### Instructions to follow
Strip out the pictures and output each remaining line of the data word for word.

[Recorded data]
= = = = = = =
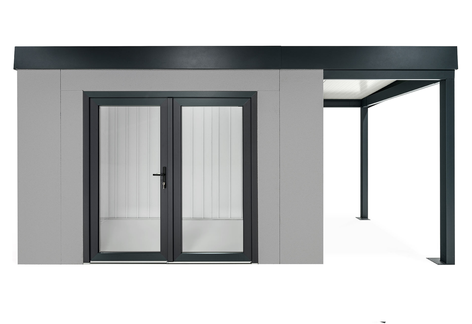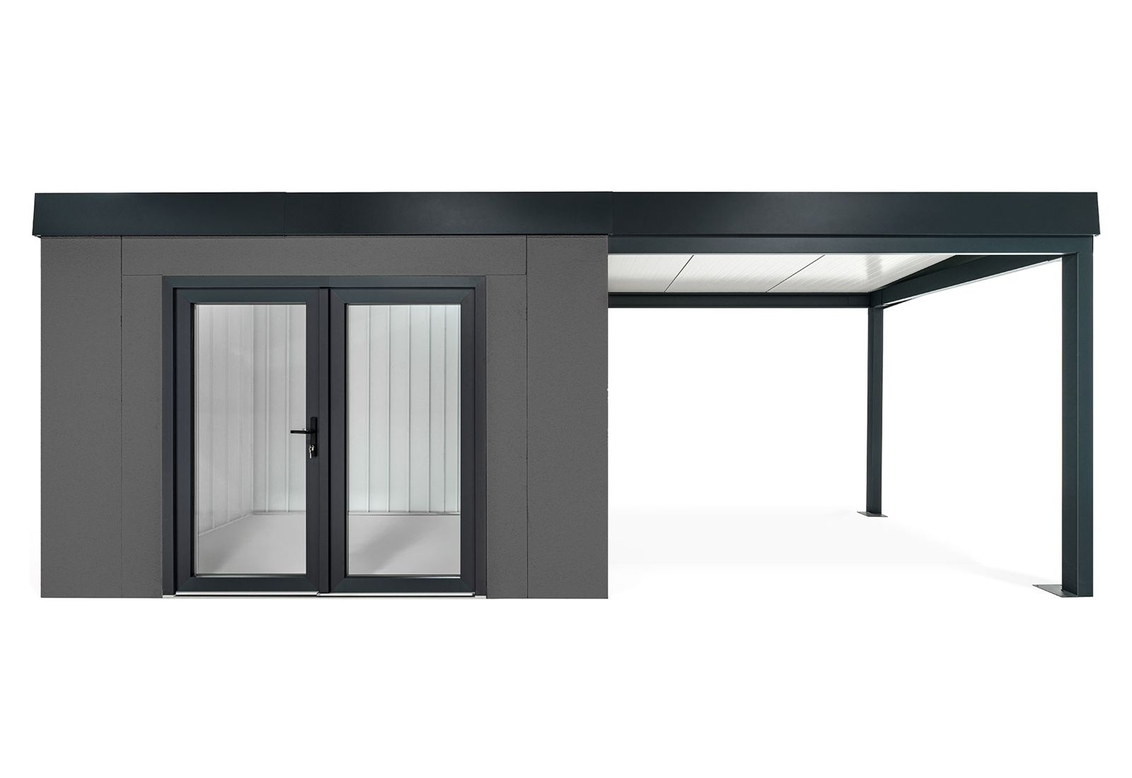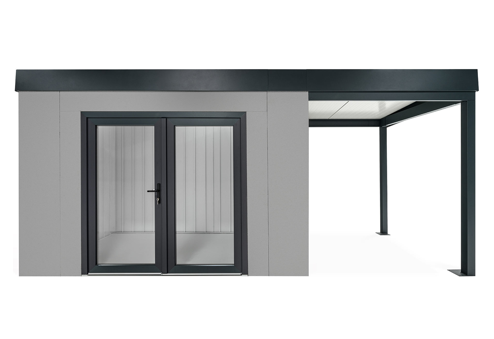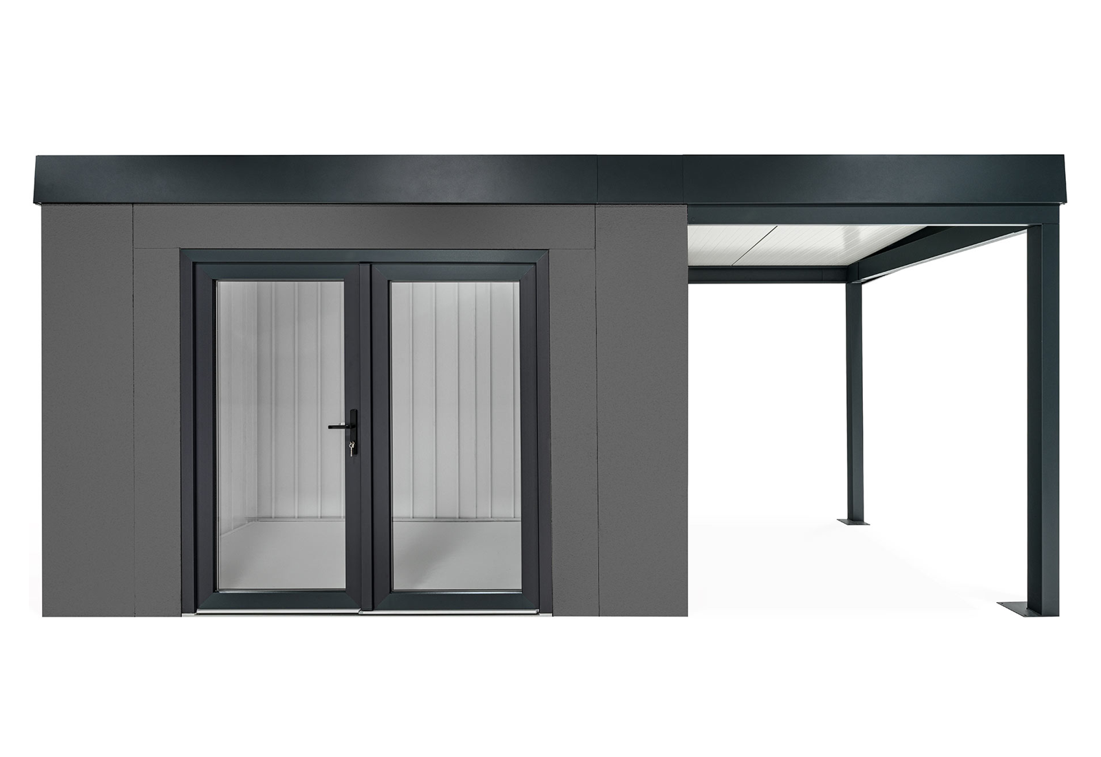 GARDEON® Zahradní domek s dvojitými panoramatickými dveřmi a přístřeškem
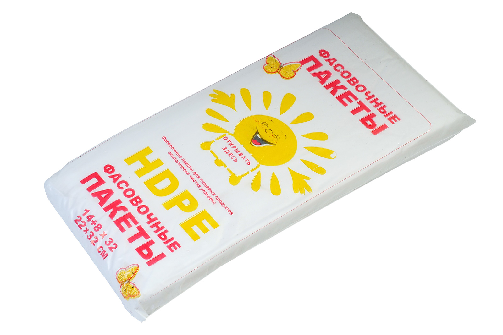 Пакет фасовочный ПНД евро Солнышко 22х32см 14+8х32 7.3мкм вес пачки 0.94 вес пакета 0.15 550шт/уп цена за уп
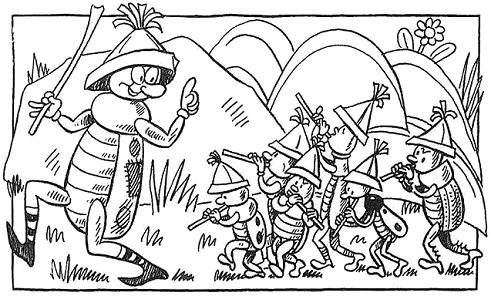 Опять громко застрекотали кузнечики. Сколько было новостей! Кузнечики даже сложили целую песню; и теперь, если где-нибудь стрекотал кузнечик, то он стрекотал только о позорном бегстве Отрокаров. Он стрекотал о походе мирных муравьёв; он стрекотал об Улитке, о Рогаче, о Жижалах, он стрекотал и о муравье с красным в белый горошек платочком на шее.
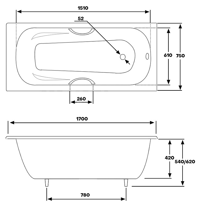 Ванна BYON B15 170x75x42 см с ручками, чугун
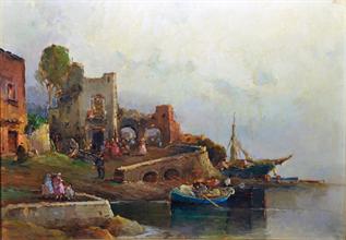 • Verdecchia Carlo (Atri, TE 1905 - 1984) Chirichetti olio su tavola, cm 70x50 firmato in basso a sinistra: C. Verdecchia a tergo timbro e cartiglio Galleria Mediterranea,Napoli
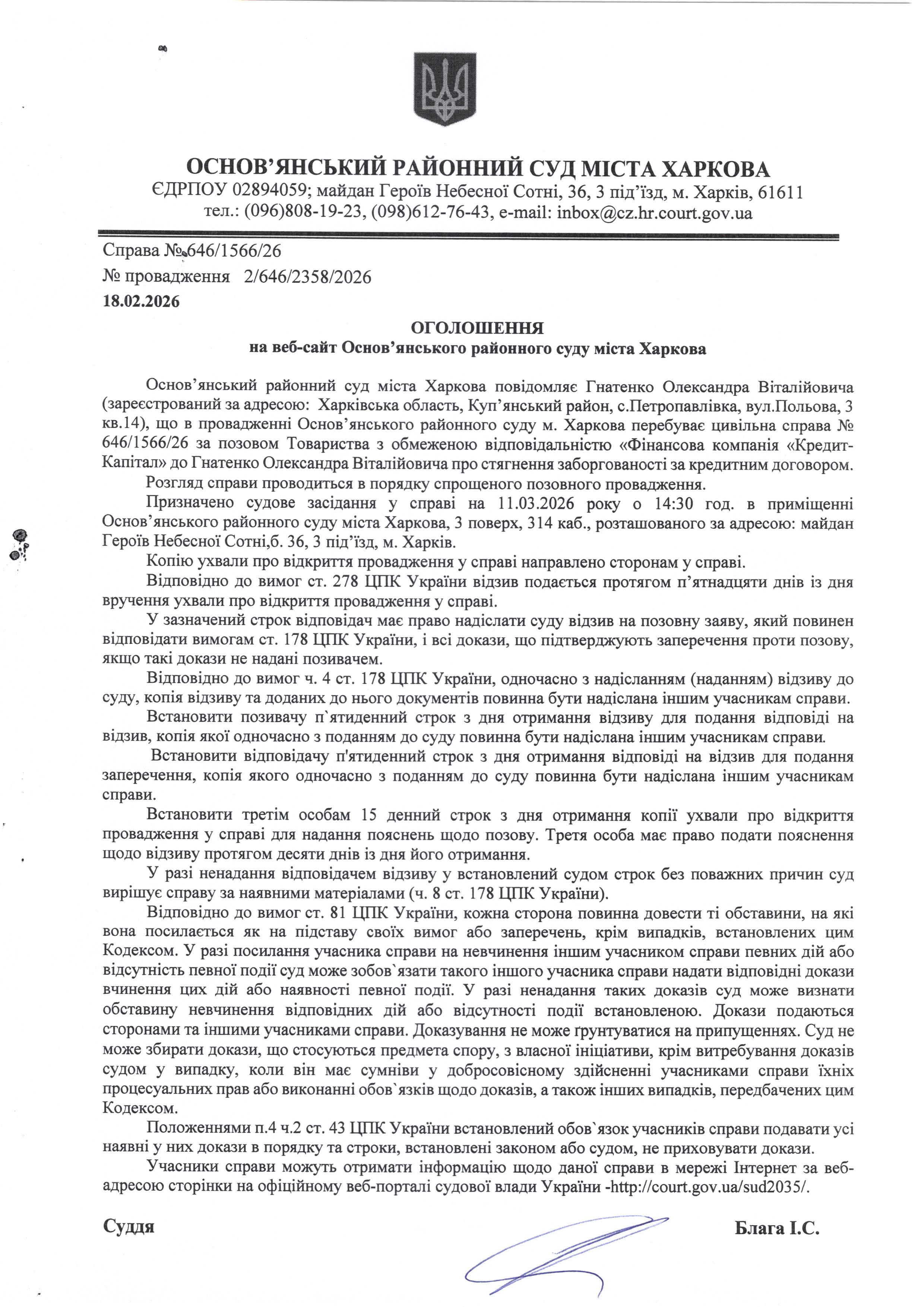 Оголошення по справі № 646/1566/26 для Гнатенка Олександра Віталійовича
= = = = = = =
### Written response
 GARDEON® Zahradní domek s dvojitými panoramatickými dveřmi a přístřeškem
 Пакет фасовочный ПНД евро Солнышко 22х32см 14+8х32 7.3мкм вес пачки 0.94 вес пакета 0.15 550шт/уп цена за уп
 Опять громко застрекотали кузнечики. Сколько было новостей! Кузнечики даже сложили целую песню; и теперь, если где-нибудь стрекотал кузнечик, то он стрекотал только о позорном бегстве Отрокаров. Он стрекотал о походе мирных муравьёв; он стрекотал об Улитке, о Рогаче, о Жижалах, он стрекотал и о муравье с красным в белый горошек платочком на шее.
 Ванна BYON B15 170x75x42 см с ручками, чугун
 • Verdecchia Carlo (Atri, TE 1905 - 1984) Chirichetti olio su tavola, cm 70x50 firmato in basso a sinistra: C. Verdecchia a tergo timbro e cartiglio Galleria Mediterranea,Napoli
 Оголошення по справі № 646/1566/26 для Гнатенка Олександра Віталійовича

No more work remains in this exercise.